**AIM OF THE TASK**: Please write the listing below out again exactly, leaving every picture behind.

[STORED DATA]

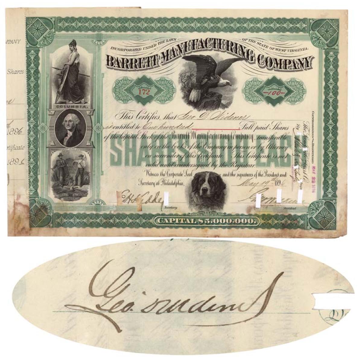 1896, West Virginia. Stock certificate for 100 shares. Green/Black. Multi-vignetted certificate with eagle at top, dog head at bottom, and Standing Lady Liberty, portrait of George Washington and West Virginia state seal shown vertically at left border. Issued to and signed on verso by George D. Widener (1861 - 1912) American businessman who died in the sinking of the RMS Titanic. Heavy damp staining along bottom of certificate. Good. Stamp and punch cancellations not affecting Widener's signature.
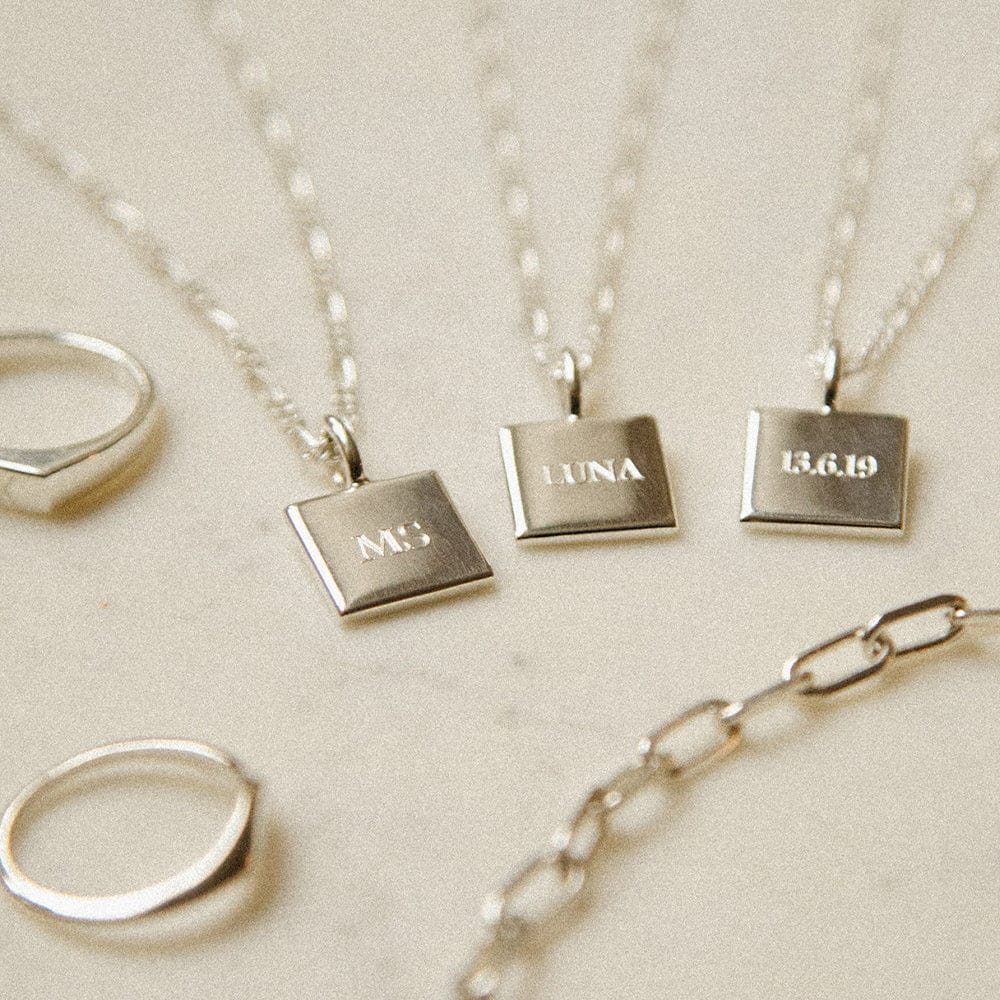 Engravable Square Pendant Necklace Sterling Silver
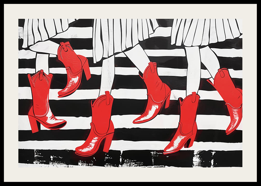 This poster catches the eye with its stylish red boots contrasting dramatically against bold black and white stripes. The carefully depicted movements give an impression of energy and fashion, evoking a sense of creativity and style.
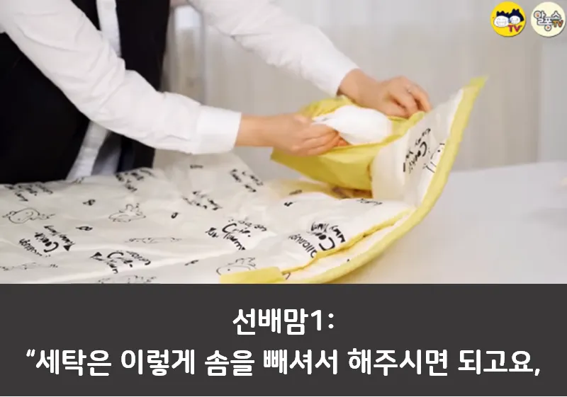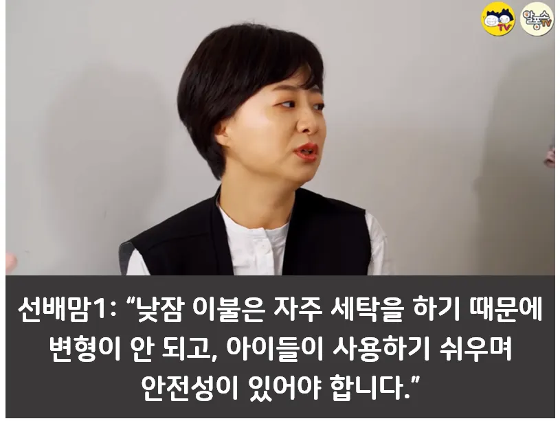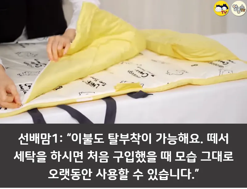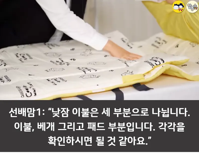 낮잠 이불은 자주 세탁하는 제품이기 때문에 잘 헤지지 않는 것이 좋고요, 똑딱이로 되어 있는 것이 사용성이 편리해요.

[/STORED DATA]

**RESPONSE TO THIS EXERCISE**:
 1896, West Virginia. Stock certificate for 100 shares. Green/Black. Multi-vignetted certificate with eagle at top, dog head at bottom, and Standing Lady Liberty, portrait of George Washington and West Virginia state seal shown vertically at left border. Issued to and signed on verso by George D. Widener (1861 - 1912) American businessman who died in the sinking of the RMS Titanic. Heavy damp staining along bottom of certificate. Good. Stamp and punch cancellations not affecting Widener's signature.
 Engravable Square Pendant Necklace Sterling Silver
 This poster catches the eye with its stylish red boots contrasting dramatically against bold black and white stripes. The carefully depicted movements give an impression of energy and fashion, evoking a sense of creativity and style.
 낮잠 이불은 자주 세탁하는 제품이기 때문에 잘 헤지지 않는 것이 좋고요, 똑딱이로 되어 있는 것이 사용성이 편리해요.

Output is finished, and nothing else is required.